ENSCO PLC (NYSE:ESV) posted a loss of $0.49 a share for Q4 2017 versus earnings of $0.13 a share in the same period, a year earlier. Results from discontinued operations came at zero cents per share in Q4 2017 versus EPS of $0.03 in Q4 2016.
Ensco reported that revenue came at $454 million in Q4 2017 versus revenue of $505 million a year earlier. Revenues dropped 10% versus the year-ago period mainly due to a drop in the average day rate for its fleet. The addition of revenue from Atwood, contract intangible asset amortization, partly offset declining average day rates of the fleet.

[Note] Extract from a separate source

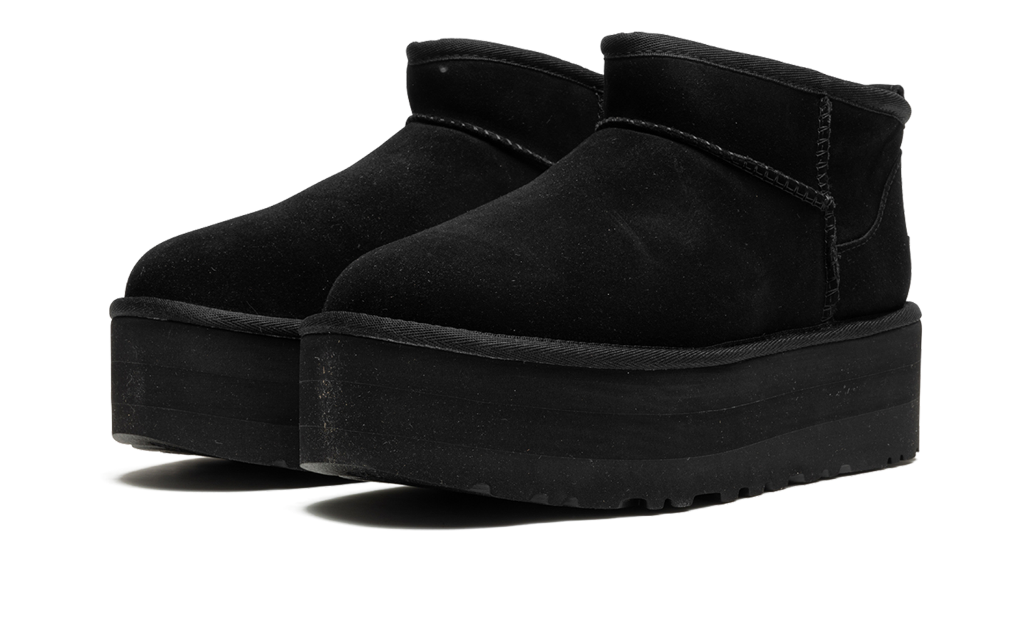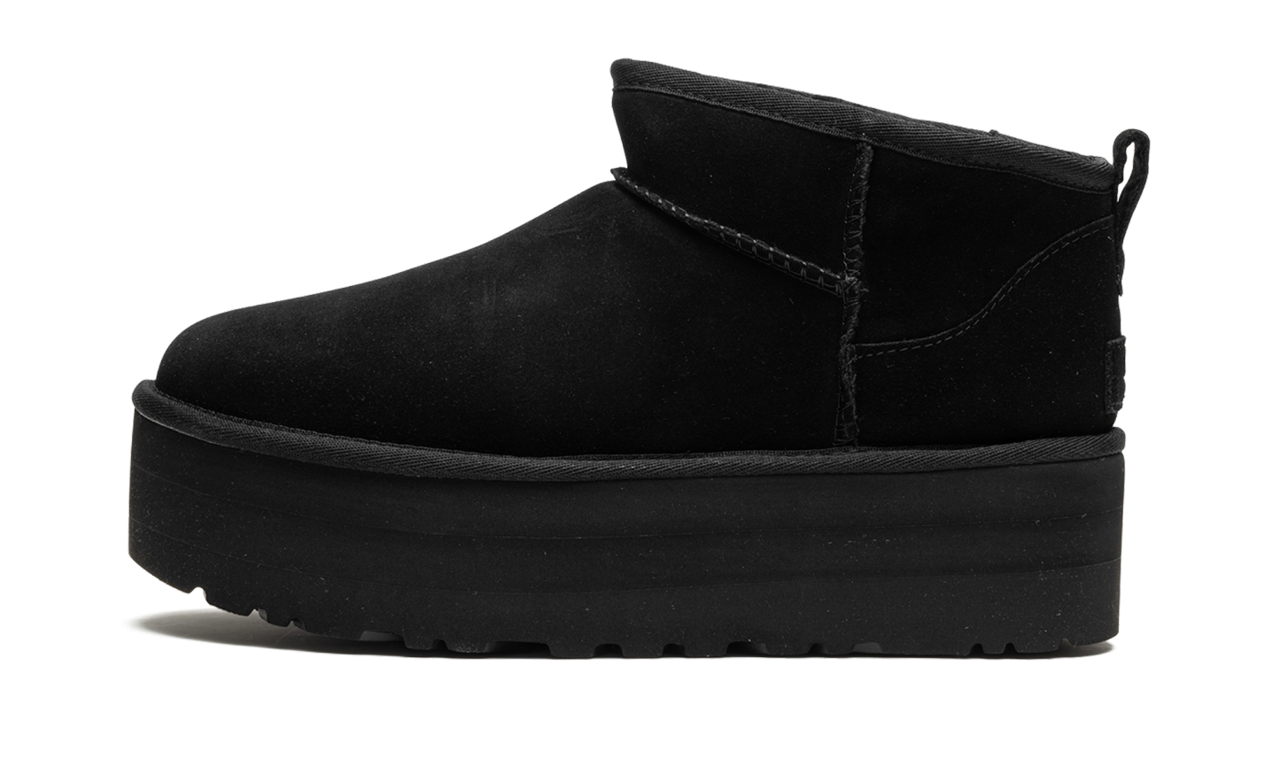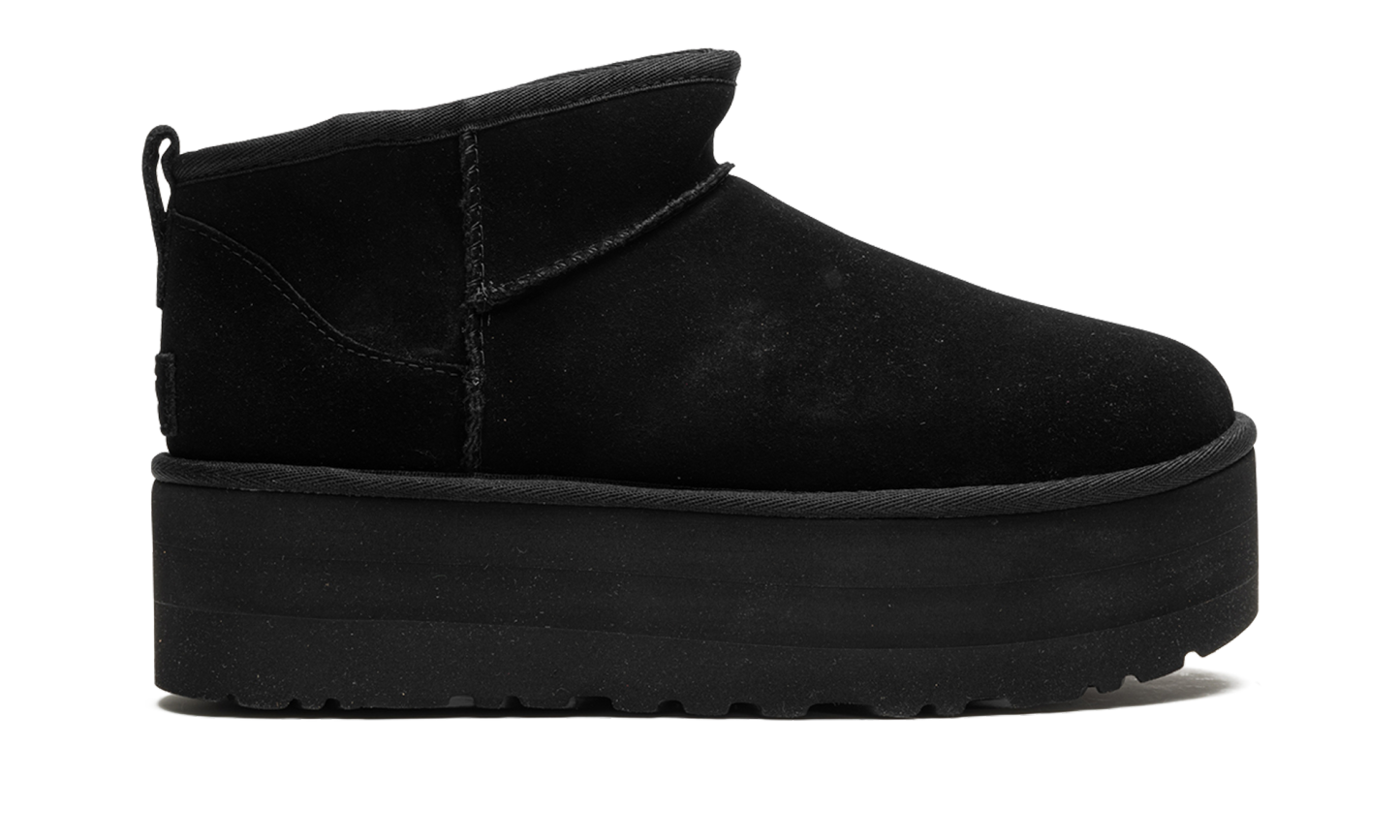 Step into luxurious height with the UGG Classic Ultra Mini Platform Wmns "Black". This women's boot features a fashionable platform sole and a sleek, black suede upper. The plush sheepskin lining ensures supreme warmth and comfort, making it a perfect choice for stylishly running errands or cozy indoor wear.

Carl Trowell, the Chief Executive Officer and President of Ensco, expressed that during Q4 2017, they successfully closed the Atwood acquisition, which considerably improved the technical capabilities of their rig fleet and enhanced their ability to meet growing consumer demand for high-specification assets. Trowell added that integration continues to advance as planned and they remain on track to record targeted synergies.
They took additional measures to enhance their financial position by extending their revolving credit facility and refinancing their nearest-term debt maturities via a debt tender and senior notes offering earlier this year. These measures provide them with the financial flexibility to persist positioning Ensco as a major offshore service provider.
The CEO of Ensco said that their onshore employees and offshore crews recorded remarkable results despite tough market conditions in last year. Operational uptime stood at 99% for the second successive year and they established a new firm record for safety performance by reducing their total recordable incident rate to 0.15, considerably surpassing the industry average that surged year over year. This robust safety and operational performance was recognized by their customers, who rated company first in total satisfaction in the EnergyPoint survey.